TASK OBJECTIVE:
Would you repeat the listing below verbatim and drop the images?

MATERIALS PROVIDED:
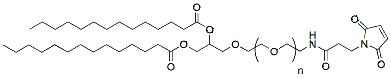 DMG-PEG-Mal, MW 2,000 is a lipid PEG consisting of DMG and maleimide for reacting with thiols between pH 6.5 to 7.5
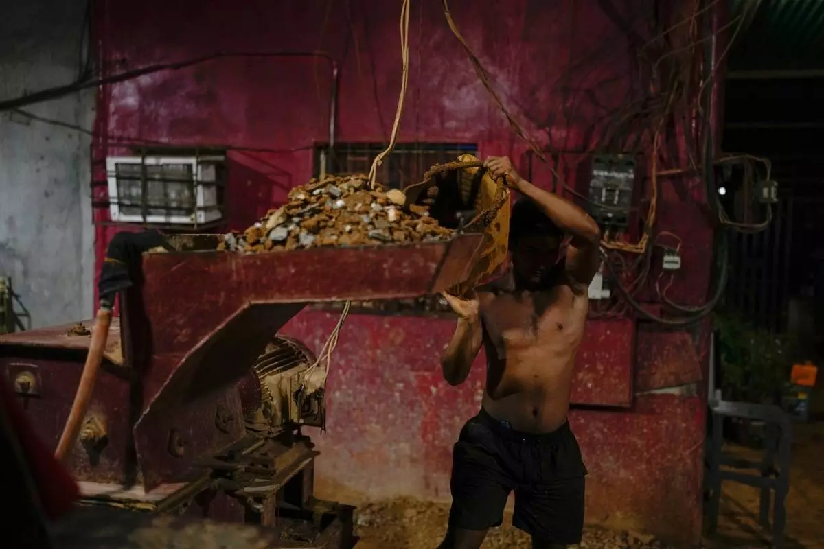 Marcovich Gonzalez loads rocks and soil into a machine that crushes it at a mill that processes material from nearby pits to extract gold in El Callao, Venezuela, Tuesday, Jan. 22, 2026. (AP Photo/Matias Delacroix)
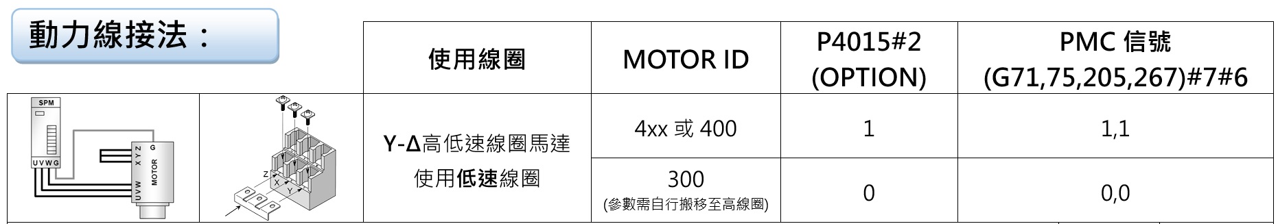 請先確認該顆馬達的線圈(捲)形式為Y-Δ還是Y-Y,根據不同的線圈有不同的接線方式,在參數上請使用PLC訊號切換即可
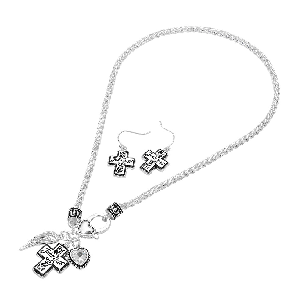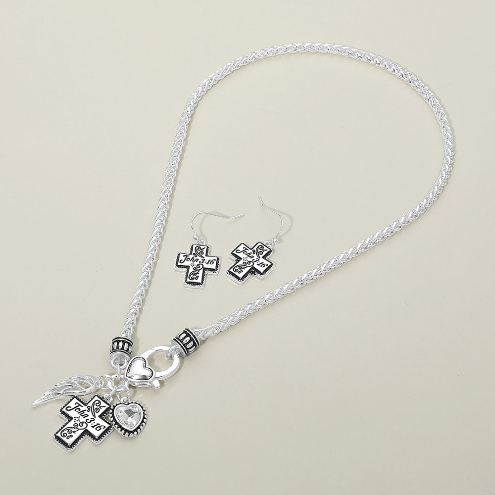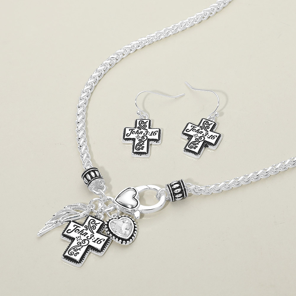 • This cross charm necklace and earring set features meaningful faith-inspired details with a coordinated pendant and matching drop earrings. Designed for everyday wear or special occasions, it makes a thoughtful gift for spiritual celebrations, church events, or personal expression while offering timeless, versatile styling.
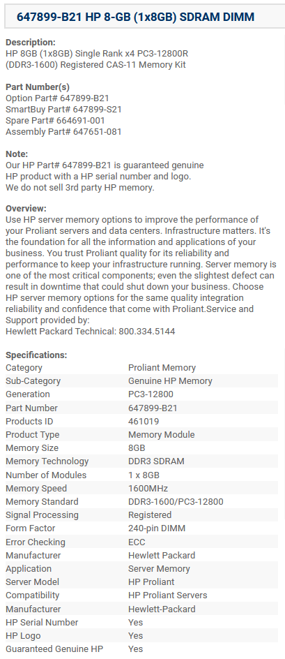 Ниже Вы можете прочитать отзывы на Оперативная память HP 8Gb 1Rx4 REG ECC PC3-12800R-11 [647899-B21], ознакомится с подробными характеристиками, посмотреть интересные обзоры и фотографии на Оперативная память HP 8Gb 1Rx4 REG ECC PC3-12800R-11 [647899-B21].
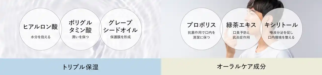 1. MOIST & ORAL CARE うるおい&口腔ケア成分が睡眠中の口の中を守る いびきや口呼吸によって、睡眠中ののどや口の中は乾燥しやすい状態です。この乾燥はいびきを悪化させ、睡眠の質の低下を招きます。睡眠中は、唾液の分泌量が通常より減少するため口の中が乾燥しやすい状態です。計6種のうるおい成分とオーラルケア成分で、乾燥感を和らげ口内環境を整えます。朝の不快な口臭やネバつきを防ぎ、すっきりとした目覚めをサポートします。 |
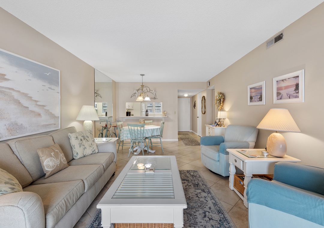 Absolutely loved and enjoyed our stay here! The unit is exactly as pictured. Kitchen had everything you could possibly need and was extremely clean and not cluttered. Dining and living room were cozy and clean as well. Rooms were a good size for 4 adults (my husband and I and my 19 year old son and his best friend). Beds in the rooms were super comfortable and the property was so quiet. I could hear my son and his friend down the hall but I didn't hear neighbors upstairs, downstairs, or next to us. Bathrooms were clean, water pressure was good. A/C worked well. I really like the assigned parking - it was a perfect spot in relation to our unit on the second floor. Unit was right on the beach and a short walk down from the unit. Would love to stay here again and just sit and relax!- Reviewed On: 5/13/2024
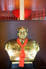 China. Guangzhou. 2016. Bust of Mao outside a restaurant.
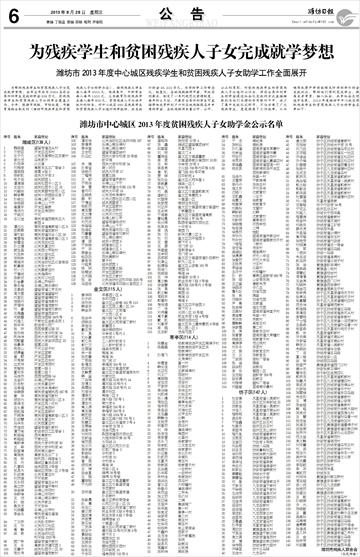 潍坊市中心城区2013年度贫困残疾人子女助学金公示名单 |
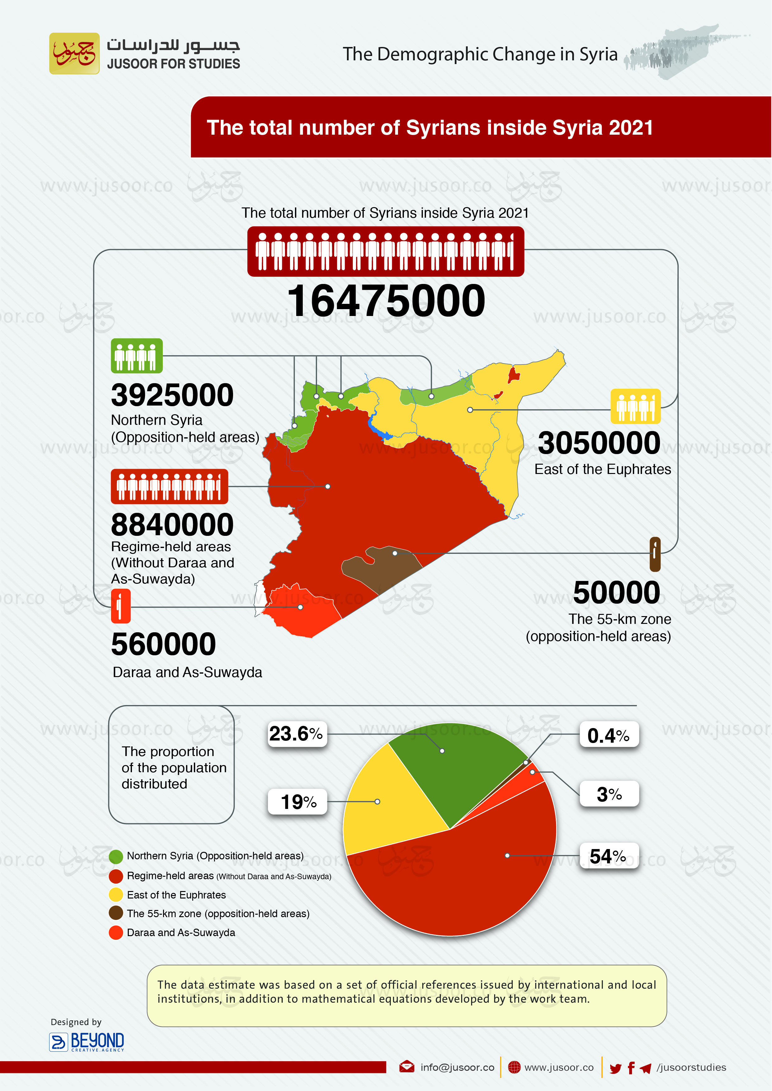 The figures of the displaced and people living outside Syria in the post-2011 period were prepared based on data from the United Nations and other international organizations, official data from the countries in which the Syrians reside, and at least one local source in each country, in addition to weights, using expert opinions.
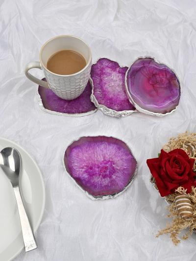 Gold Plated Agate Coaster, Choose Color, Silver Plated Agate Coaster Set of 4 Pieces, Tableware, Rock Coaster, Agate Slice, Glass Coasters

OUTPUT BELOW:
 DMG-PEG-Mal, MW 2,000 is a lipid PEG consisting of DMG and maleimide for reacting with thiols between pH 6.5 to 7.5
 Marcovich Gonzalez loads rocks and soil into a machine that crushes it at a mill that processes material from nearby pits to extract gold in El Callao, Venezuela, Tuesday, Jan. 22, 2026. (AP Photo/Matias Delacroix)
 請先確認該顆馬達的線圈(捲)形式為Y-Δ還是Y-Y,根據不同的線圈有不同的接線方式,在參數上請使用PLC訊號切換即可
 • This cross charm necklace and earring set features meaningful faith-inspired details with a coordinated pendant and matching drop earrings. Designed for everyday wear or special occasions, it makes a thoughtful gift for spiritual celebrations, church events, or personal expression while offering timeless, versatile styling.
 Ниже Вы можете прочитать отзывы на Оперативная память HP 8Gb 1Rx4 REG ECC PC3-12800R-11 [647899-B21], ознакомится с подробными характеристиками, посмотреть интересные обзоры и фотографии на Оперативная память HP 8Gb 1Rx4 REG ECC PC3-12800R-11 [647899-B21].
 1. MOIST & ORAL CARE うるおい&口腔ケア成分が睡眠中の口の中を守る いびきや口呼吸によって、睡眠中ののどや口の中は乾燥しやすい状態です。この乾燥はいびきを悪化させ、睡眠の質の低下を招きます。睡眠中は、唾液の分泌量が通常より減少するため口の中が乾燥しやすい状態です。計6種のうるおい成分とオーラルケア成分で、乾燥感を和らげ口内環境を整えます。朝の不快な口臭やネバつきを防ぎ、すっきりとした目覚めをサポートします。 |
 Absolutely loved and enjoyed our stay here! The unit is exactly as pictured. Kitchen had everything you could possibly need and was extremely clean and not cluttered. Dining and living room were cozy and clean as well. Rooms were a good size for 4 adults (my husband and I and my 19 year old son and his best friend). Beds in the rooms were super comfortable and the property was so quiet. I could hear my son and his friend down the hall but I didn't hear neighbors upstairs, downstairs, or next to us. Bathrooms were clean, water pressure was good. A/C worked well. I really like the assigned parking - it was a perfect spot in relation to our unit on the second floor. Unit was right on the beach and a short walk down from the unit. Would love to stay here again and just sit and relax!- Reviewed On: 5/13/2024
 China. Guangzhou. 2016. Bust of Mao outside a restaurant.
 潍坊市中心城区2013年度贫困残疾人子女助学金公示名单 |
 The figures of the displaced and people living outside Syria in the post-2011 period were prepared based on data from the United Nations and other international organizations, official data from the countries in which the Syrians reside, and at least one local source in each country, in addition to weights, using expert opinions.
 Gold Plated Agate Coaster, Choose Color, Silver Plated Agate Coaster Set of 4 Pieces, Tableware, Rock Coaster, Agate Slice, Glass Coasters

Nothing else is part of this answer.